Yesterday, Bill did an excellent job of pointing out why Adam Breneman should redshirt in 2013. The obvious answer is that he should sit out and save a year of eligibility for down the road. This has been my belief for the last several months. However, the obvious answer isn't quite as cut-and-dry as it appears. After some deep consideration, it seems that the smart move is to let Breneman play immediately.
Five-Year Plan? The whole idea of redshirting a player is to give him an extra year of eligibility while he takes a year to prepare for the collegiate game. But really, would you expect the top-rated tight end in the nation to stay for a full five years in college? I have no doubt Breneman will be just as serious about his studies, probably even more, than being an athlete. However, his goal is to play in the NFL. If he has two outstanding seasons after a redshirt year, why would he stick around if he can be a top 10 draft pick? If Breneman redshirts, there is an extremely high probability that they throw away the opportunity to have an extremely talented player on the field this fall.
Stars Matter Last year at this time there was a lot of hype about Penn State becoming "Tight End U." thanks to Bill O'Brien's offensive philosophy. I thought it was a bit premature as O'Brien certainly wasn't bringing Rob Gronkowski or Aaron Hernandez with him from New England. I was certainly happy to be wrong in this situation as we all watched Penn State's young tight end corps blossom into one of the best (the best?) units in the nation.
Who would have guessed Kyle Carter would break out to become the Big Ten's top tight end before injury? Many were intrigued by Jesse James' potential, and now he seems to be on the verge of becoming a truly special player. Only the most diehard Penn State fans know who Matt Lehman was in 2011, and he developed into a very reliable target under O'Brien's tutelage.

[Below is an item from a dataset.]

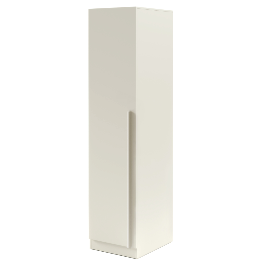 BRAGA ühe uksega riidekapp kašmiiri toonis lisab ruumi helgust ja visuaalset kergust. Kitsas vorm muudab selle heaks valikuks ka piiratud põrandapinnaga ruumidesse või modulaarse kapilahenduse osaks.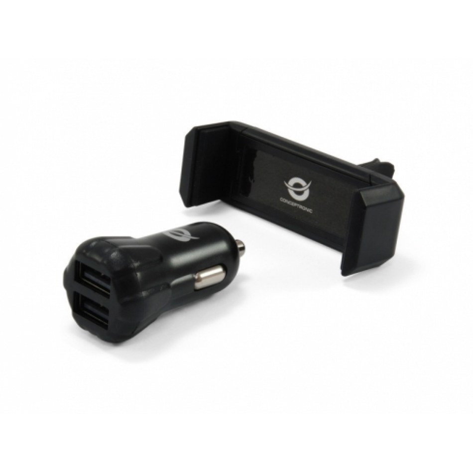 Este cargador dual USB de coche es la solución ideal para cargar su iPad o tablet y la mayoría de dispositivos USB, como (smart) phones, sistemas de navegación, reproductores MP3 y cámaras digitales directamente desde el mechero de su coche. El cargador dual USB de coche funciona con voltajes de 12/24 voltios y los convierte automáticamente al voltaje para dispositivos USB (5 volt DC). Podrá cargar fácilmente sus dispositivos USB durante sus viajes en coche, camión o barco, sin la necesidad de un PC, notebook o toma de corriente de pared. Características:? Cargue rápidamente los dispositivos USB (5V) gracias a la salida de alta potencia (máx. 2000mA).? Solo tiene que utilizar el encendedor de su coche (12V/24V).? 2 puertos USB para cargar 2 dispositivos de forma simultánea.? Soporte universal instalado en la ranuras de ventilación del vehículo, compatible con teléfonos de 5,5 a 8,5 cm.Especificaciones:? Especificaciones Técnicas:- Voltaje de salida: 5V.- Alimentación entrada: 12V/24V (mechero coche).- Alimentación salida: 5V / 2A.? Conexiones/Interfaces:- Puertos USB: 2uds.- Cargador USB: integrado.? Dimensiones y peso:- Largo: 55mm.- Ancho: 37mm.- Alto: 23mm.- Peso: 20 g.

It seemed like O'Brien worked several miracles in a matter of months. Now, imagine what he can do with the top tight end in the entire class. It's really the perfect storm- and would be completely foolish not to take full advantage of that kind of opportunity.
The Trickle-Down Effect and the Overall Depth A major argument to redshirt Breneman is that there is so much depth at tight end right now. This is a great point, but it may be missing the big picture. We all witnessed Penn State's special teams units struggle mightily at times last year. The likely cause was a lack of depth, and being forced to use players that were already taking plenty of snaps throughout the game. For instance, does Penn State give up the late punt return touchdown to Northwestern if the punt team was filled with young and athletic players whose only duty is to sprint down the field and hit someone a handful of times each game? Probably not. If Breneman takes away snaps from someone in 2013, that's just one more fresh set of legs who will be ready to make a key special teams play late in a game. Heck, we can even take this argument one step further. If Penn State has an embarrassment of riches at tight end, why not find a good fit for someone to move to linebacker? It's a way to get all of your best players on the field, and you would be hard-pressed to find a Big Ten tight end who didn't also a linebacker in high school.

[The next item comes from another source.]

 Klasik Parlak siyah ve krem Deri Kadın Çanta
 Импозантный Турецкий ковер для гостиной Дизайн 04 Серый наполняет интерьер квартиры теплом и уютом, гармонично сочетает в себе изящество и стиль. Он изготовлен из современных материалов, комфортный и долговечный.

Follow the Leader Adam Breneman can be a team leader in 2013. It sounds crazy to say that about an incoming freshman, but Breneman is a special person. Let's examine his record- he committed to Penn State when it wasn't a popular move. He stayed committed when sanctions were handed down that could prevent him from playing in a bowl game for most of his Penn State career. Want an even better indicator of his character? After he was forced to miss his senior year of high school with a torn ACL, he didn't sit and mope or lose sight of himself by getting sidetracked with his rehab. Instead, he used his unexpected free time to raise more that $100,000 for ALS. He's a natural leader that has the ability to make everyone around him better as soon as he steps into the locker room.